Время дало трещину. Теперь Гарриет нечем было его измерять. Раньше Ида была планетой, чей ход отмечал часы, чье привычное, мерное движение (стирка по понедельникам, штопка по вторникам, сэндвичи летом и суп зимой) управляло каждой минутой жизни Гарриет. Одна неделя сменяла другую, каждый день – череда связных картинок. В четверг утром Ида вставала возле мойки, раскладывала гладильную доску и гладила белье громоздким утюгом, который плевался паром. В четверг после обеда – что зимой, что летом – она перетряхивала половики, выбивала их и вывешивала проветриться, и красный турецкий коврик, перекинутый через перила веранды, был флажком, который сигнализировал: “четверг”. Бескрайние летние четверги, промозглые октябрьские четверги, темные четверги из далекого школьного прошлого, когда болевшая ангиной Гарриет беспокойно дремала под кипой нагретых одеял – в эти дни свист выбивалки, шипение и бульканье утюга были не только живой музыкой настоящего, но еще и звеньями цепи, которая разматывалась через всю жизнь Гарриет и терялась где-то в глухой тьме младенчества. День заканчивался в пять, когда Ида на веранде снимала фартук, день начинался со скрипа парадной двери и шагов Иды в коридоре. Из дальних комнат доносилось мирное гудение пылесоса, поскрипывали убаюкивающе – вверх-вниз по лестнице – Идины тапки на резиновой подошве, потрескивал ее сухой ведьминский смешок. Текли дни. Дверь откроется, дверь закроется, то съежатся, то вытянутся тени. Гарриет мчится босиком к открытой двери, Ида взглядывает на нее – острое, восхитительное блаженство, безусловная любовь. Ида! Ее любимые кушанья (леденцы на палочке, ломоть кукурузной лепешки с патокой), ее “телепередачи”. Шутки и увещевания, ложки сахару с горкой, которые, будто снег, медленно оседали на дне стакана с холодным чаем. Странные старинные печальные песни, что разносились с кухни (“Свидеться бы с матушкой, свидеться бы мне…”) и ее перекличка с птицами за домом – посвист, трели, иить, иить, иить, хлопанье на ветру белых рубашек, нежный перезвон столового серебра в тазу с водой, многообразие и шум самой жизни.
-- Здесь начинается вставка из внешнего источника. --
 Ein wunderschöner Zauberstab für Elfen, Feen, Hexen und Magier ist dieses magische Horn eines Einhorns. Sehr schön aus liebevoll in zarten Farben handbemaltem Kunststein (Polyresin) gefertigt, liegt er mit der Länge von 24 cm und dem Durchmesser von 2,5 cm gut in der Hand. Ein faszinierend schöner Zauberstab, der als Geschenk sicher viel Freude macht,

А теперь все закончилось. Без Иды время рассыпалось, рухнуло в бездонную, сверкающую пустоту. Часы и дни, свет и тьма неприметно сменяли друг друга, завтрак больше не отличался от обеда, будний день – от дня воскресного, рассвет от заката, все они теперь словно жили в пещере с электрическим светом.
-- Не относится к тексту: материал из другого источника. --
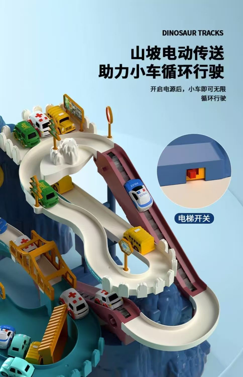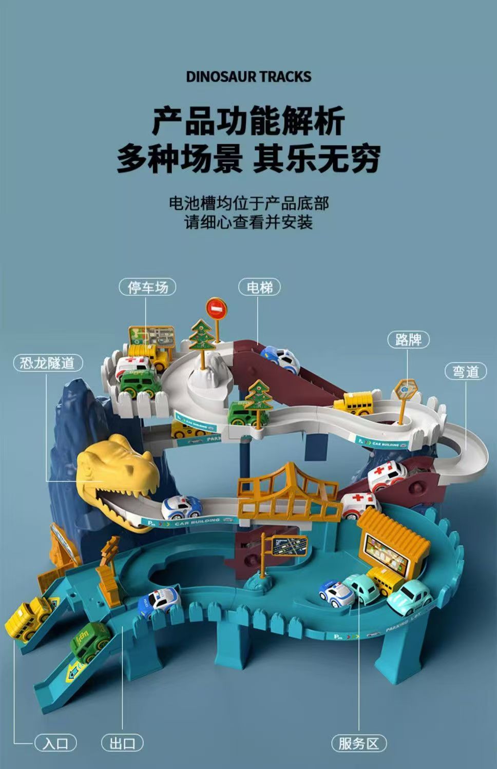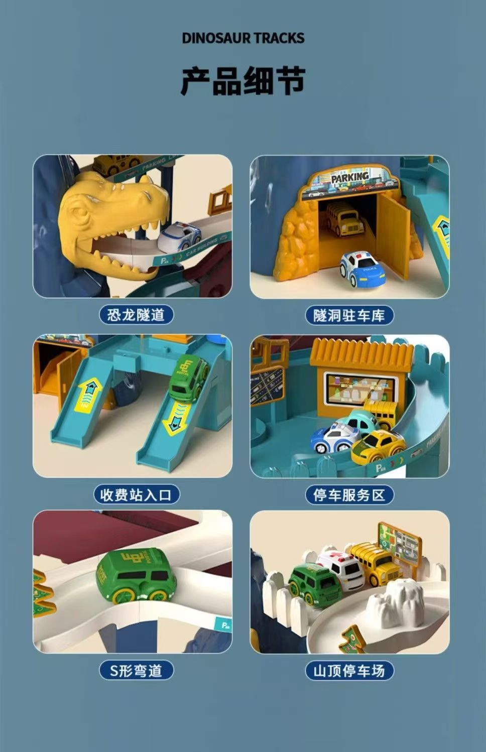 儿童轨道车玩具恐龙盘山公路小火车汽车闯关停车场

Вместе с Идой пропал и уют. А заодно – и сон. Сколько ночей Гарриет провела в слезах, лежа на грязных простынях в затхлом вигваме “Синичка”, потому что только Ида умела застилать кровать так, чтобы ей было удобно, и Гарриет (в мотелях, а то и дома у Эди) зачастую допоздна не могла уснуть и лежала, уставившись в темноту, остро ощущая непривычные ткани, незнакомые запахи (духов, нафталина, другого стирального порошка, не того, каким Ида пользовалась), тоскуя по дому и более всего – по рукам Иды, которая одним прикосновением могла утешить Гарриет, когда ей было грустно или страшно, и теперь, когда Ида ушла, ей этого сильнее всего и недоставало.
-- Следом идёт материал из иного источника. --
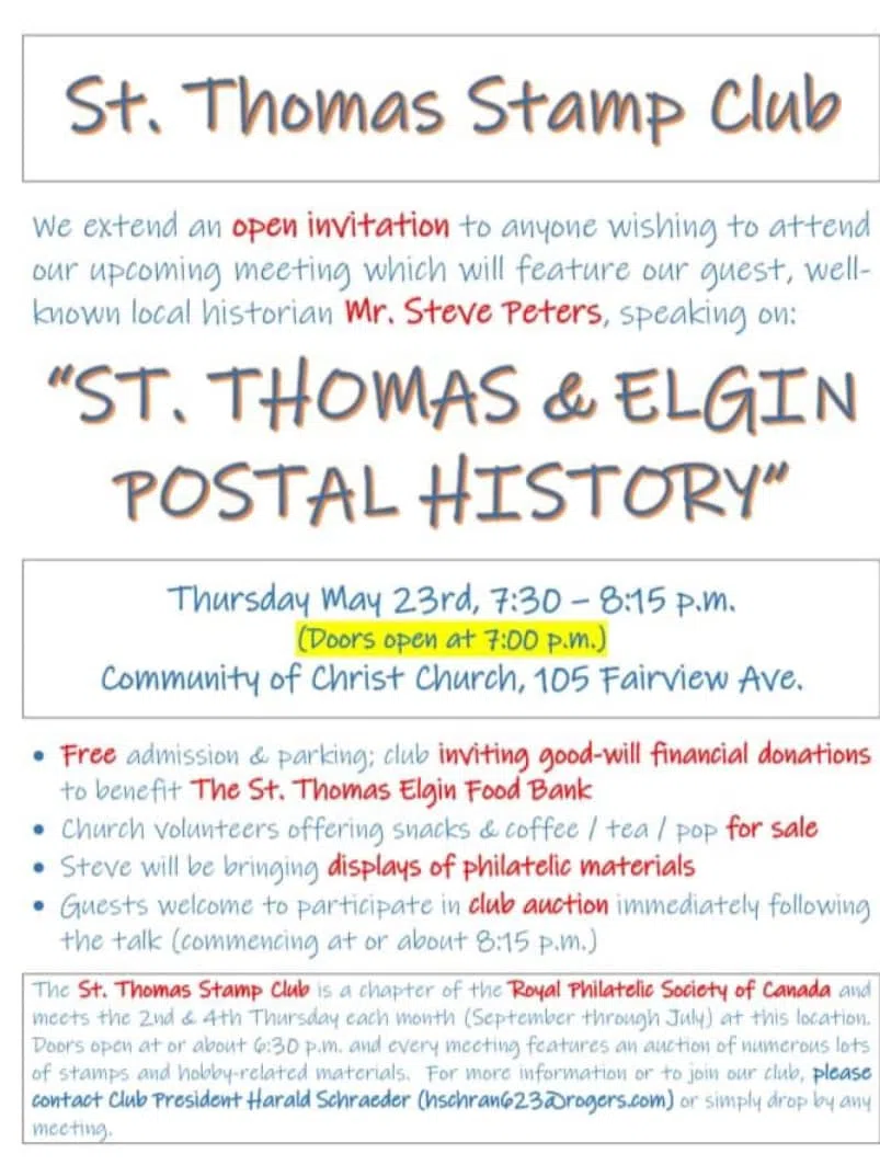The St. Thomas Stamp Club hosting guest speaker Steve Peters on "ST. THOMAS & ELGIN POSTAL HISTORY" on Thursday, May 23rd, with doors opening at 7 p.m.

Дом встретил Гарриет эхом и тишиной: зачарованный замок, окруженный колючим терновником. В спальне на стороне Гарриет (у Эллисон все было вверх дном) царил идеальный порядок, который навела перед уходом Ида: аккуратно заправленная кровать, белые оборочки, все припорошено пылью, будто инеем.

Таким все и осталось. Простыни под покрывалом были до сих пор крахмально-свежими. Их выстирали и выгладили руки Иды, это все, что от Иды осталось в их доме – и поэтому, как бы ни хотелось Гарриет забраться в кровать, зарыться лицом в чудесную мягкую подушку и натянуть одеяло на голову – она никак не могла разрушить последний островок рая, который у нее остался. Ночью сияющее, прозрачное отражение кровати плавало в черных окнах – воздушное белое безе, нежнейший свадебный торт. Но на этот пир Гарриет могла только глядеть – стоит ей залезть под одеяло, и о сне можно будет забыть навсегда.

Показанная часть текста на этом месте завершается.